ISRCTN ISRCTN34145189
DOI https://doi.org/10.1186/ISRCTN34145189
Secondary identifying numbers 11423
Submission date
22/06/2012
Registration date
22/06/2012
Last edited
03/10/2016
Recruitment status
No longer recruiting
Overall study status
Completed
Condition category
Mental and Behavioural Disorders
Prospectively registered
Protocol
Statistical analysis plan
Results
Individual participant data

Plain English Summary

Background and study aims
The main focus of the study is to examine the effect of the computer-mediated structured communication approach named DIALOG in secure mental health in-patient units, and utilise the principles of Solution Focused Therapy to aid this approach. Although the benefits of the structured communication approach have been shown in community mental health services, no previous work has been done in secure mental health settings. The structured communication approach places service users’ views of their care at the heart of the discussions with clinicians. It is proposed that this focus on people’s individual concerns will lead to an improvement in their care and quality of life. The aim of this study is to evaluate structured monthly discussions between the patient and his/her key worker using the structured communication approach. It is designed to increase the quality of life of service users in secure settings.

Who can participate?
We will be recruiting 60 keyworkers and 96 users of in-patient services at six medium secure mental health units in Southern England and London. Each service user whose key worker is participating in the study will be eligible to participate as long as they have a history of least 3 months of current in-patient treatment in a medium secure mental health unit.

What does the study involve?
The participants will be randomly allocated to either an intervention group or control group. Those participants allocated to the control group will continue to receive their standard care and treatment while those allocated to the intervention group will be asked to attend a one-hour meeting with their key worker as an addition to the standard care. This will be once a month for a period of six months. They will be asked to complete a simple checklist at the start of each meeting which rates their satisfaction in eight areas. They will then be asked whether they would like any further help in each area with all answers recorded and entered onto an iPad. This allows the results to be placed on a screen display which the service user and their key worker can view. They can also view previous ratings. The sessions focus on areas users want to discuss. Solution Focused Therapy is used to complement the structured communication approach. It is a talking therapy which focuses on the future and looks at what will be different when things are better.
Formal assessments will take place at three time points: prior to the intervention, at 6 months and at 12 months. The following data will be collected from the service user participants: quality of life, satisfaction with services, recovery, amount of disturbed behaviour, relationship with staff, and views about the ward atmosphere. We will also collect data from the key workers at the three time points in relation to their levels of work stress.

What are the possible benefits and risks of participating?
It is proposed that the structured communication approach will help develop a more collaborative approach to care and that this will benefit service users, clinicians and services.

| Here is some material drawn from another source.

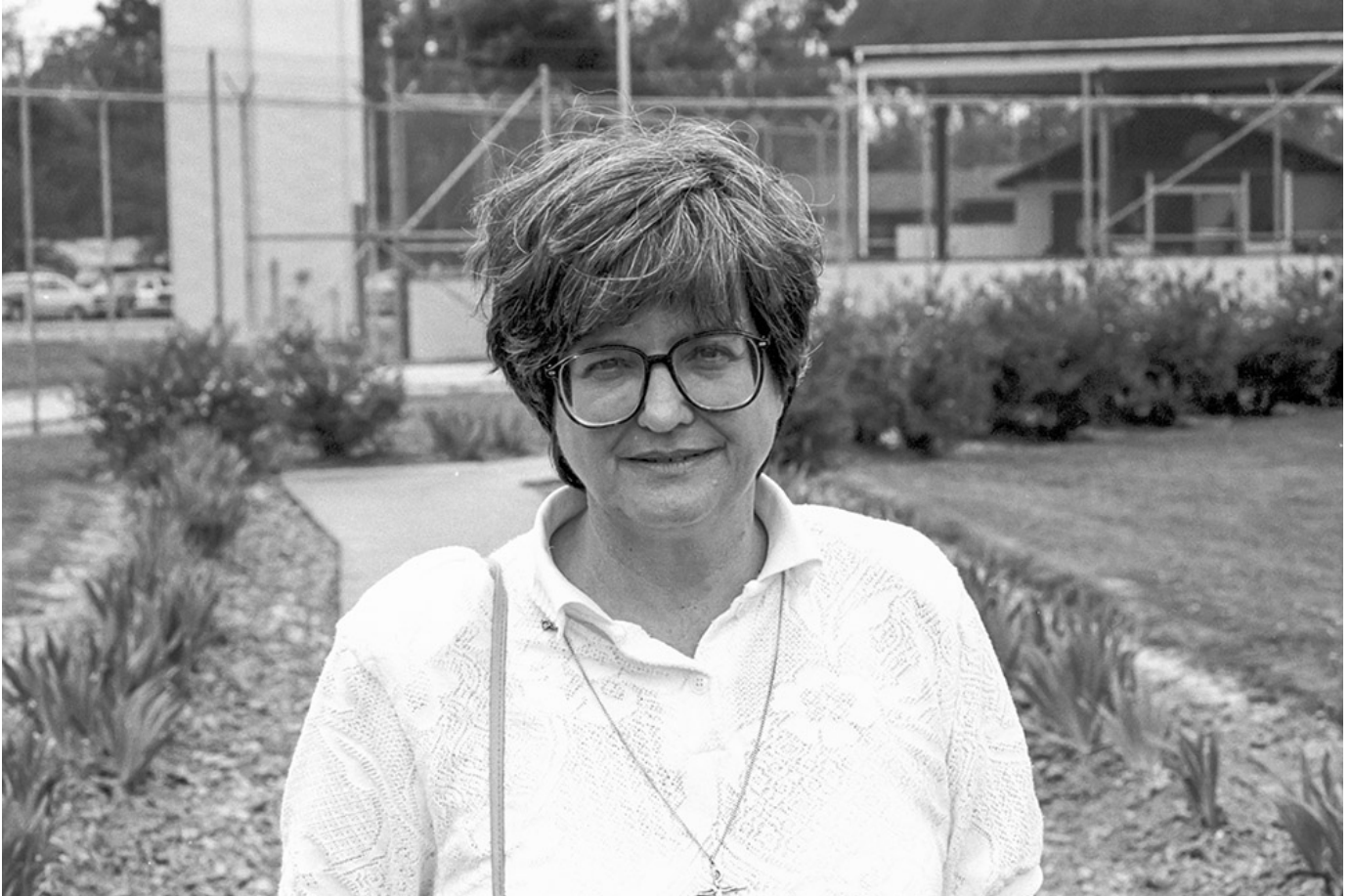
Sr. Helen Prejean outside of Angola State Penitentiary in Louisiana in 1999

"I just got lucky and met two popes," Prejean said. "I'm just trying to do my best with what I know."

Service users will be offered access to a new treatment that has been shown to be beneficial in other mental health settings. Key workers will be given training and support in the use of the structured communication approach and solution focused therapy approaches. Previous studies that have used the structured communication approach have not found any adverse effects. Participants will be monitored by their key workers for any indicators of distress.

Where is the study run from?
The study has been developed by Canterbury Christ Church University in collaboration with the host organisation, Kent and Medway NHS and Social Care Partnership Trust.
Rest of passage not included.